→ Exercise brief
When a line in the entries contains the word "Dress", copy that line in full.

--- START ---

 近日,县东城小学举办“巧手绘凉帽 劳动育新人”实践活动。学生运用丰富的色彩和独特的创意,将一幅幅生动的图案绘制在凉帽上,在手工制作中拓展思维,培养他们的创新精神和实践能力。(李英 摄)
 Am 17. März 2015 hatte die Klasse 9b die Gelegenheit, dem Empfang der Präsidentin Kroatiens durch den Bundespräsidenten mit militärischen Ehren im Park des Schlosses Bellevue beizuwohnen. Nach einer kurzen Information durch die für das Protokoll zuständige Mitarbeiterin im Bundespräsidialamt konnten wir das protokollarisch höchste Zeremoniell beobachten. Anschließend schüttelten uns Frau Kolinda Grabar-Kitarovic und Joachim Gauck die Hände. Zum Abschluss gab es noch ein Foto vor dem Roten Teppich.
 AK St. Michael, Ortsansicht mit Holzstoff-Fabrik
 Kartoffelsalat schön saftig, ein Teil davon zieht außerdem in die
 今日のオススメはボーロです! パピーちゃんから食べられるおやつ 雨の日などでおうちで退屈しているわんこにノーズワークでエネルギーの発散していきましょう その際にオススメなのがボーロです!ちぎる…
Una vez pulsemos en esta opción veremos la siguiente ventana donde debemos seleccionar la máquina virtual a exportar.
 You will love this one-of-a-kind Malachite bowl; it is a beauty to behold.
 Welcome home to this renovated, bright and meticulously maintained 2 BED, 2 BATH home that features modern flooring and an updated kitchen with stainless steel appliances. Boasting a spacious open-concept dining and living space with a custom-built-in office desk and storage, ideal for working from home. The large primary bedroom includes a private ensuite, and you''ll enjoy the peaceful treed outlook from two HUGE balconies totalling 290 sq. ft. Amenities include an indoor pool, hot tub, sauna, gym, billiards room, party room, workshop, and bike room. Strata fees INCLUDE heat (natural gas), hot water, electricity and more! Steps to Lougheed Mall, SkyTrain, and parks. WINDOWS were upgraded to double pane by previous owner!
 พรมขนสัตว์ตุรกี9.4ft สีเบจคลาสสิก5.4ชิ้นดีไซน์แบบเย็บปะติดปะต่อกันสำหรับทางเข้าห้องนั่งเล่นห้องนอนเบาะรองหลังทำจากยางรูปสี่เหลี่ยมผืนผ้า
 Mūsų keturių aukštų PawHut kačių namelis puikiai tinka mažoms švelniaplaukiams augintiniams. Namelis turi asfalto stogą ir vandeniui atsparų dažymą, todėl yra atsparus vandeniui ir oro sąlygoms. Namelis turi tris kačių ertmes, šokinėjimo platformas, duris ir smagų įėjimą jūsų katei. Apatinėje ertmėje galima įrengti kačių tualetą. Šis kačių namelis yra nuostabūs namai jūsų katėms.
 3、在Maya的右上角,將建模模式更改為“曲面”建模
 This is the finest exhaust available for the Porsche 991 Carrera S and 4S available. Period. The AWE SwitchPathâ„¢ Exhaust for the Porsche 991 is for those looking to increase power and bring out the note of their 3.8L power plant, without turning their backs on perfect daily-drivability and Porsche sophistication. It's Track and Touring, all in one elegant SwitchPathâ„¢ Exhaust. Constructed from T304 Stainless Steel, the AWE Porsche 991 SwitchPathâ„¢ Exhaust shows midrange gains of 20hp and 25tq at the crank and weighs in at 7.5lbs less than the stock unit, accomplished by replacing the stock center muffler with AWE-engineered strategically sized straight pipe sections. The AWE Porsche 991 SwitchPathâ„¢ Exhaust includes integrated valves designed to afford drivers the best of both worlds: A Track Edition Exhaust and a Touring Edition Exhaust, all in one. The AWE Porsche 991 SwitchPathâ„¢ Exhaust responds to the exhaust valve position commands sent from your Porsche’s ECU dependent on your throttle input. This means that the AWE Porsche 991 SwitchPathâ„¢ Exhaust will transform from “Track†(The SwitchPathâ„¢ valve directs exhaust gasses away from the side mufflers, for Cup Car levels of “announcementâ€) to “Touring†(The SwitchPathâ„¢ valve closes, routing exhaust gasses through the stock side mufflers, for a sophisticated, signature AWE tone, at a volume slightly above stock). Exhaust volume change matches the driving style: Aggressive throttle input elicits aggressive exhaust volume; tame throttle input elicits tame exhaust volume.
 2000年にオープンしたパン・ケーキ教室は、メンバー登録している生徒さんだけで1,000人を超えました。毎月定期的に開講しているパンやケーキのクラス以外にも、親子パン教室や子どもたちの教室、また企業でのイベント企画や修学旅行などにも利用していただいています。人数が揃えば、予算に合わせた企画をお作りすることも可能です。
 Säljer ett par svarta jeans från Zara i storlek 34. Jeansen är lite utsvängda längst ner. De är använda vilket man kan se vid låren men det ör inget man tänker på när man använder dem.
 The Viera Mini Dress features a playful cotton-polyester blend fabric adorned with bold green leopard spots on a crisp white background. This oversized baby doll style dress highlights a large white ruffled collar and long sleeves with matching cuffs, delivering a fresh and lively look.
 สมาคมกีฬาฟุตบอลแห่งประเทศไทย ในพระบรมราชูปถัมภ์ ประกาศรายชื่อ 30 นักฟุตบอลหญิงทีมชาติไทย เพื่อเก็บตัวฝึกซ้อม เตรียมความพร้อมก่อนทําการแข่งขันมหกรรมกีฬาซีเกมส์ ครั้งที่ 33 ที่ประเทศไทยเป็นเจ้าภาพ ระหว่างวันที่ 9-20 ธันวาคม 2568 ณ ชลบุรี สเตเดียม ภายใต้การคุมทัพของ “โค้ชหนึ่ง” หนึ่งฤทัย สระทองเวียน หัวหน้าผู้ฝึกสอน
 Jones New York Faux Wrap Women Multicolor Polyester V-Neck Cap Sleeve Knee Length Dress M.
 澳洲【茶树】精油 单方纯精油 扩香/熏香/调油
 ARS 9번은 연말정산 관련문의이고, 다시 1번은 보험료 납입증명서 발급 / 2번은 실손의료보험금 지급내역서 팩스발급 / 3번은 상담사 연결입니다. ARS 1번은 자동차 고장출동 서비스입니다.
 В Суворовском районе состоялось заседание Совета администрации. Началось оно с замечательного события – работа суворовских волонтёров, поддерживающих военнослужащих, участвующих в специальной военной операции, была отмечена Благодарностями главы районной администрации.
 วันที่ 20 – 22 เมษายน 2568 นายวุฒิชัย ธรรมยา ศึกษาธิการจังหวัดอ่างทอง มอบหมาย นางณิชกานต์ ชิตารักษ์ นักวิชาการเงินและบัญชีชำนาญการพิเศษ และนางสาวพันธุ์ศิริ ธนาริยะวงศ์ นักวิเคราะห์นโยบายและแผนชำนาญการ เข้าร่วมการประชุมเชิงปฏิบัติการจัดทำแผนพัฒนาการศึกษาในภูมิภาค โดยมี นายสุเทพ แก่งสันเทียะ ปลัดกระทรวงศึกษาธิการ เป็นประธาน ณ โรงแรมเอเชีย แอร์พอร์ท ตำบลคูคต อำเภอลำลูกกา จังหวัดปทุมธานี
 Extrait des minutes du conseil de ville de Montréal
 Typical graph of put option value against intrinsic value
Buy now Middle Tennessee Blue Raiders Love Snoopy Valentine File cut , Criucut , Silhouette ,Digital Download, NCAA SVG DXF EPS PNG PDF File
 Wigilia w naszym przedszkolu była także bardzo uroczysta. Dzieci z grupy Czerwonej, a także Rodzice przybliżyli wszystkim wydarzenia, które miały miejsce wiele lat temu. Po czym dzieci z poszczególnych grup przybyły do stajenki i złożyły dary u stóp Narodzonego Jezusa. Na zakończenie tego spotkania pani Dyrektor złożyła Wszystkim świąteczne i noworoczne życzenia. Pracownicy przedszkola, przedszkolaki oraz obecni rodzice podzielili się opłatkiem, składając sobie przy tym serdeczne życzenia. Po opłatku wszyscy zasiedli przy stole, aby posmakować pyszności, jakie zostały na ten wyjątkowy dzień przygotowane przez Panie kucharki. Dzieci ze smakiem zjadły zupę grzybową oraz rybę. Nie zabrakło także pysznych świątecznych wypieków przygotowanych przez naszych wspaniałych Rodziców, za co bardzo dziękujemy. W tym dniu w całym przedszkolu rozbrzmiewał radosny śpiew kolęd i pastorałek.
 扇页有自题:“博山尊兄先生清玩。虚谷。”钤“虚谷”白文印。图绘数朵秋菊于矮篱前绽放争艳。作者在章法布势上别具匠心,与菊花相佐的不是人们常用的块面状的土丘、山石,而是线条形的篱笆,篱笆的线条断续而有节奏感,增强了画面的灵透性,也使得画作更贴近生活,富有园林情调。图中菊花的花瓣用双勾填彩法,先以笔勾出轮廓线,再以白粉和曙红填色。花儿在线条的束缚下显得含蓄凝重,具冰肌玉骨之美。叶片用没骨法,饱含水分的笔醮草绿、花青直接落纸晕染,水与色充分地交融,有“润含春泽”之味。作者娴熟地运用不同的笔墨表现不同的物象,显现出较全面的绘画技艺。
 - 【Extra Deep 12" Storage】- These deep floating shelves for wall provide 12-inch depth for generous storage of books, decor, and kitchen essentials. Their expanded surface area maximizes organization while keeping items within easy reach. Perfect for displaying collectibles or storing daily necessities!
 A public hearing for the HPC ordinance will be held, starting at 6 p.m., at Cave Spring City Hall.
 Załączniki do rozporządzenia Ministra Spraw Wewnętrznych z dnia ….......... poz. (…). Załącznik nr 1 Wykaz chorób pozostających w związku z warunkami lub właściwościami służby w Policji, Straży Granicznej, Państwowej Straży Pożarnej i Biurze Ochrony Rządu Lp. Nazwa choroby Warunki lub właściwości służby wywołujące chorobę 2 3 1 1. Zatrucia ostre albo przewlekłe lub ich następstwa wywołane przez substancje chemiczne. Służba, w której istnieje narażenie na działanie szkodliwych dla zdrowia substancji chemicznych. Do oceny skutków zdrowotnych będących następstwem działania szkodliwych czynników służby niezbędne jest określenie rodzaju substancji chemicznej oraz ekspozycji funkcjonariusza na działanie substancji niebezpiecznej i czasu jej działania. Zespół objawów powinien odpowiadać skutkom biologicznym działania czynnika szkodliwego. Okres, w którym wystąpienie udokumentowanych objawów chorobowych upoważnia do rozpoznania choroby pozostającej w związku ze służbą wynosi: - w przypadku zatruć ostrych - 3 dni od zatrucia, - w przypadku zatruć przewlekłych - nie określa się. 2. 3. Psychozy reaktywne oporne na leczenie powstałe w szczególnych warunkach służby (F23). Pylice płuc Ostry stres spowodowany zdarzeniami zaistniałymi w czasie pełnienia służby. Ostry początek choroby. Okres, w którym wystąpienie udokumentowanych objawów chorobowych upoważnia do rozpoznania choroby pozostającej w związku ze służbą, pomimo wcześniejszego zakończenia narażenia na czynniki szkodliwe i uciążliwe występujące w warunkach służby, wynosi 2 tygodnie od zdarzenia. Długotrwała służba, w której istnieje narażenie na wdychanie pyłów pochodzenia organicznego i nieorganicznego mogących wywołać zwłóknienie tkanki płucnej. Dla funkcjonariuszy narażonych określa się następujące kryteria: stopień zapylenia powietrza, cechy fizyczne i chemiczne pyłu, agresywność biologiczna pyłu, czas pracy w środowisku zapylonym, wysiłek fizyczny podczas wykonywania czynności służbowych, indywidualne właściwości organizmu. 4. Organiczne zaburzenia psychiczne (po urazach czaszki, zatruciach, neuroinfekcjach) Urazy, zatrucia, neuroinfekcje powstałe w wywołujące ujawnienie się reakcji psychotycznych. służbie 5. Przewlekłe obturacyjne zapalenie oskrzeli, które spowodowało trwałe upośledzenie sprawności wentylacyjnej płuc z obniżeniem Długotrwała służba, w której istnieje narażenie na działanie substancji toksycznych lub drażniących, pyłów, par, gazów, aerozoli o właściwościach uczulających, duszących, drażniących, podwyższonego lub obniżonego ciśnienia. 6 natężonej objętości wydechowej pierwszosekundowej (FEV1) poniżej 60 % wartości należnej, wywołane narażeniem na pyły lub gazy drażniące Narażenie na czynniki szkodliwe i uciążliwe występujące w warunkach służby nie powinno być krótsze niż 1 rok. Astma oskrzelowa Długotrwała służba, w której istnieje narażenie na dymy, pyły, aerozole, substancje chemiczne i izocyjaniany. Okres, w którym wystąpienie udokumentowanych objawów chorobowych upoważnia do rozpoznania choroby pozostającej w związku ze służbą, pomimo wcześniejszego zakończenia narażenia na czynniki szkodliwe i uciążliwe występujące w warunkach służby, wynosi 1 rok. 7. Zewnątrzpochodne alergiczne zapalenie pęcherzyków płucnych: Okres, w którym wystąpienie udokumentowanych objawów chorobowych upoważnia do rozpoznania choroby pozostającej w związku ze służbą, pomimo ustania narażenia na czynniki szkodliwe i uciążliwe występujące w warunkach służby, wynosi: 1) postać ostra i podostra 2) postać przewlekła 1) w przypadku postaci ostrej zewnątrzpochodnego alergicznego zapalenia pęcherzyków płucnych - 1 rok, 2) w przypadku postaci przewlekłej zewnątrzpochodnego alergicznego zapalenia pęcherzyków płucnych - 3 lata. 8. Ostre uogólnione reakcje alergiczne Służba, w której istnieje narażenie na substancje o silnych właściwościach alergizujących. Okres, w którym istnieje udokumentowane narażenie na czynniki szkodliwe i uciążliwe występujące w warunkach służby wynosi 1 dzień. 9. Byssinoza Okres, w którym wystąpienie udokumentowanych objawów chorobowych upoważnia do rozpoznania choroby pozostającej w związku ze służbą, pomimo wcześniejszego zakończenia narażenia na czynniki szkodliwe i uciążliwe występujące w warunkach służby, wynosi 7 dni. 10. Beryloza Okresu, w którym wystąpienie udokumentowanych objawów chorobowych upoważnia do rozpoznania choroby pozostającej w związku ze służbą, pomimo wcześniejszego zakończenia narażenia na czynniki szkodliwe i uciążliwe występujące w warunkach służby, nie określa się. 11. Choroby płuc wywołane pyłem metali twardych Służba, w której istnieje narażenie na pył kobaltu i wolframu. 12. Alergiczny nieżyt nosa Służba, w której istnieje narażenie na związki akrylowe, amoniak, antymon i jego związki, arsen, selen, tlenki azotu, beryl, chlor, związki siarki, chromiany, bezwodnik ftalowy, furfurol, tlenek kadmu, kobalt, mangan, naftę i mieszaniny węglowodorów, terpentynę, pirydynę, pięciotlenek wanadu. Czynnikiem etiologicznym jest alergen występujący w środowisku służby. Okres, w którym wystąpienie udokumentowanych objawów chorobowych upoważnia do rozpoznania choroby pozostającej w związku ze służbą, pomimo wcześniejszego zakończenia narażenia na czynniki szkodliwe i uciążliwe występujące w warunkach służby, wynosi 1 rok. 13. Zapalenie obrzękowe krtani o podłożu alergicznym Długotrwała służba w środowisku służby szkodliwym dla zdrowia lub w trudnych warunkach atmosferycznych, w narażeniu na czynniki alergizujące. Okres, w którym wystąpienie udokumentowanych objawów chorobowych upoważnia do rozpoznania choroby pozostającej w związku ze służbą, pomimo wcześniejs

--- END ---

→ Solution
 The Viera Mini Dress features a playful cotton-polyester blend fabric adorned with bold green leopard spots on a crisp white background. This oversized baby doll style dress highlights a large white ruffled collar and long sleeves with matching cuffs, delivering a fresh and lively look.
 Jones New York Faux Wrap Women Multicolor Polyester V-Neck Cap Sleeve Knee Length Dress M.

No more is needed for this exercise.